世界に先駆け,プログラミング教育を必修科目としたのは,イスラエルである.1995年,イスラエルのジュディス・ガル-エゼル(Judith Gal-Ezer)教授 が発表した論文,「中等教育でのコンピューター教育は,使い方よりも原理やプログラミングを教えるべきだ」に着目した政府は,2000年に「コンピューターサイエンス教師センター」を設立し,世界でいち早くプログラミング教育を高校(義務教育過程)の必修科目とした.そのおかげで,イスラエルは,小国にも関わらず,IT分野では世界の強国となった.ナスダックに上場した企業数は,アメリカに次いで多く,世界中の企業が,イスラエルからの技術導入を欲している有様である.我が国においても大手家電メーカー(日立)がイスラエルのサイバーセキュリティ大手CyberGym(サイバージム)社と提携するなどの動きが盛んである.
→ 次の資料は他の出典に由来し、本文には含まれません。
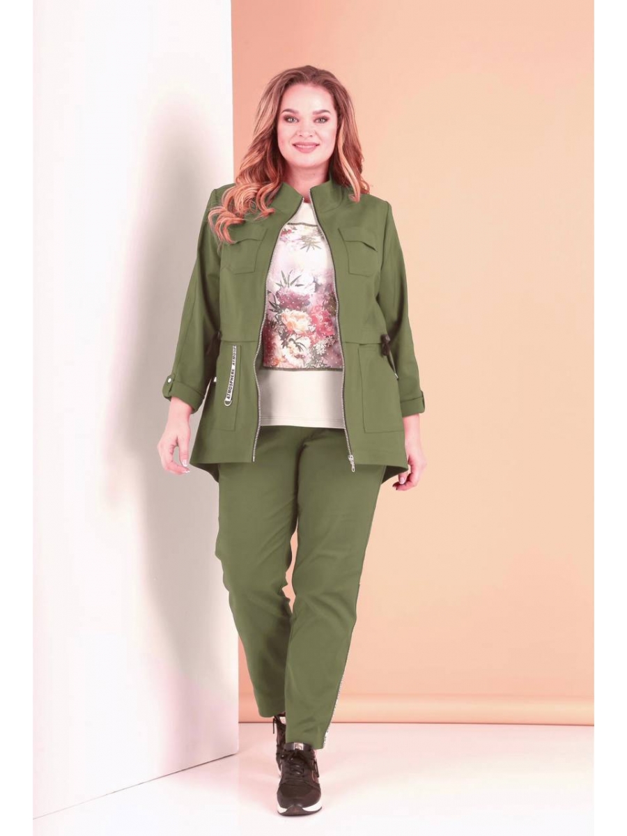 Жакет свободного кроя, отрезной по линии талии. Прилегание регулируется затягивающейся кулисой. Перед с нагрудными вытачками и двумя парами накладных карманов. Спинка с кокеткой, средним швом и навесной декоративной петлёй. Низ спинки длиннее по отношению к переду. Рукав длинный, втачной, легко трансформируется в длину 7/8 благодаря отложной манжете, которая фиксируется патой. Воротник-стойка. Центральная застёжка-молния.
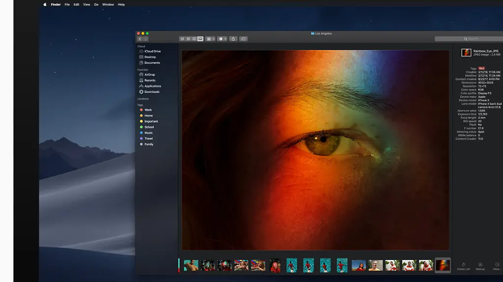 Zusätzliche Optionen zu einer markierten Datei sieht man auch, wenn man die Leertaste drückt. Man kann dann unter anderem Bilder drehen oder Dateien direkt teilen. Seltsam: Wenn man ein Bild zuschneiden möchte, muss man vorher auf Markieren klicken. Der Finder zeigt jetzt außerdem bei Fotos alle Metadaten an, wenn man auf Mehr anzeigen klickt.
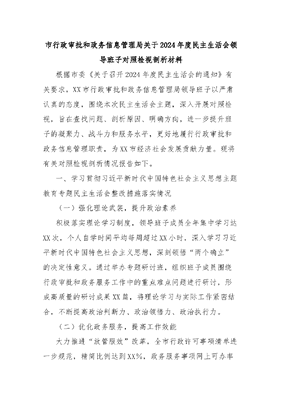 市行政审批和政务信息管理局关于2024年度民主生活会领导班子对照检视剖析材料.docx
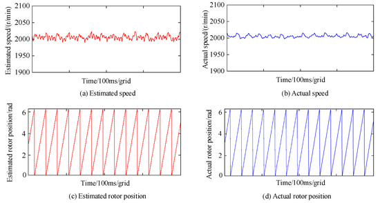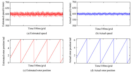 The above experimental platform was used to complete the experimental verification under steady-state working conditions. The speed conditions were set to 600 r/min and 2000 r/min to validate the performance of the control technology under low-speed and medium-high-speed conditions. As shown in Figure 16 and Figure 17, the experimental waveforms are shown under different speed conditions. The sensor-less control technique can estimate the actual speed and rotor position at low and medium-high speeds, although the estimated value fluctuates greatly compared with the actual value. The estimated speed fluctuates between the actual speed and the target speed, and the estimated rotor position effectively tracks the actual rotor position. The steady-state error of the estimated motor speed relative to the target speed is about 3% at low speeds and about 1% at medium and high speeds. The results of the speed tracking error at this speed condition are shown in Table 3. From the table, the average error of speed estimation is 8.23 r/min and 7.21 r/min at low and medium-high speeds, respectively. The above results confirm the estimation effect of the control technique at low and medium-high speeds.
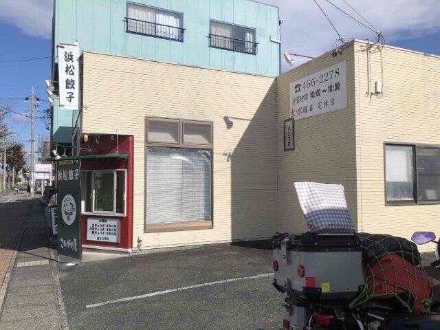 9時30分過ぎ、計画通りに渚園を出発。そして10時ちょうど。開店とほぼ同時に浜松餃子のテイクアウト専門店、こんがり屋に到着。自宅まで5時間はかかると言うと、冷凍餃子の方が良いとのこと。40個買いました。保冷バッグもお願いし、中にサービスで冷凍ペットボトルを入れてくださいました。このお店は田子のニンニクを使っていたりと良心的な作りで、その割に値段も安いと思います。
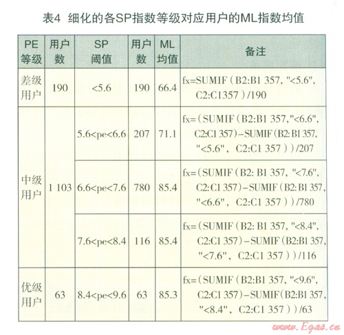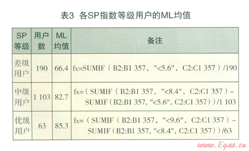 研究方法:對(duì)3種SP指數(shù)等級(jí)的用戶進(jìn)行統(tǒng)計(jì),分別計(jì)算出ML指數(shù)的平均值,再根據(jù)獲得的結(jié)果進(jìn)行分析。統(tǒng)計(jì)采用SUMIF程序。如表3:

プログラミング教育先進国の一つである英国では,,プログラミング教育を小学校一年生(5歳)から必修として学ぶが,必修化する前に子どもたちを教える教員へのプログラミング教育をまず実施したという.

技術立国の座が揺らぐ前に早めに手を打たないと間に合わないのは明らかである.指導者のトレーニングが終わるのを待っていても始まらない.対応できる学校はどんどん手を挙げて課外活動などで対応してもらいたい.いきなり命令語を使ったプログラミングを実施する必要はない.子供向けに開発されたジグソーパズル的なモジュールを使ってゲーム感覚でプログラムを作り上げていく方式を採用すればよい.

追記

英語の時間には,コンピュータのメッセージ等が英語で表示されれば,IT原語の読解力の勉強になる.そのためにはOSを英語版に変更する必要があるが,一斉にOSを変更することは出来ないらしい.そのため,一台一台設定しなければならず,大変だという記事を読んだことがある.理科では観測値のプログラムによるグラフ化,図工ではコンピュータ描画や動画作成等をやることはパソコンに長けた先生なら簡単と思うが,マニュアル依存の先生が多い現状では,モデル教材の整備が必要と思われる.

資料

【正論】「プログラミング強国」へ教育を 東京大学教授・坂村健(2014.7.31 03:07の産経ニュース)

第4次産業革命がもたらす 変革 - 総務省

プログラミング教育

文部科学省:「諸外国におけるプログラミング教育に関する調査研究」報告書(平成26年度)

子供が使える!ビジュアルプログラミングソフト5選

他教科の学習内容を活用した小学校英語活動案 - J-Stage

小学校でのプログラミング必修化,どの教科でどう教えるかは学校・教員の裁量,細部はこれから議論

産業革命について:第1次産業革命は18世紀に発明された蒸気機関による機械化,第2次は19世紀の電力の産業利用,第3次は20世紀後半に普及したインターネットの利用,第4次産業革命は人工知能,ロボット等によって,生産,販売,消費といった経済活動に加え,健康,医療,公共サービス等の幅広い分野や,人々の働き方,ライフスタイルにも影響を与える可能性がある.